Ralph Charles Sutherland Walker (born 2 June 1944) is a British philosopher who is an emeritus fellow of Magdalen College, Oxford and an expert on the philosophy of Immanuel Kant.

==Professional life==

Walker received his secondary education at Aberdeen Grammar School, Selwyn House School and Trinity College School. He was then educated at McGill and Oxford, where he was a Rhodes Scholar at Balliol College, before entering academia as a fellow at Merton College in 1968. He moved to Magdalen in 1972, where he has worked since. From 1984–85, he served as the junior proctor, with disciplinary oversight for the university. From 1993–2003 he was a delegate to Oxford University Press and from 2000–2006 he was head of the Humanities Division at Oxford, one of the most senior posts at the university. In 2009, he retired from the position of vice-president of Magdalen College. Until his retirement from the position of senior tutor in philosophy at Magdalen in 2012, he lectured in the Faculty of Philosophy, normally on Kant. Upon his retirement, he was made an emeritus fellow of Magdalen College.

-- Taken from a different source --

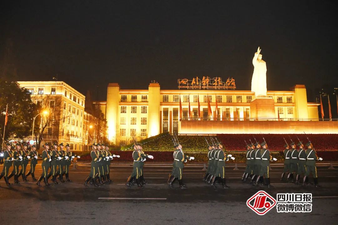 2023年1月1日,成都天府广场,一派喜庆热烈的节日景象。武警四川省总队成都支队“蓉城国旗护卫队”在天府广场举行升国旗仪式,上千名群众齐聚在此,观升旗、唱国歌,迎接新一年的到来。

Roger Scruton called Walker's book Kant "clear and scholarly" and the “‘positive’ rejoinder" to the “‘objective’ interpretation" of Kant's Critique of Pure Reason, The Bounds of Sense, by P. F. Strawson, who had already been at Magdalen when Walker started his work there and remained a fellow until 1987. Walker's later book, Kant and the Moral Law, was released in 1998 and has been translated into a number of languages. His most recent work, Objective Imperatives: An Exploration of Kant's Moral Philosophy, was published in 2022.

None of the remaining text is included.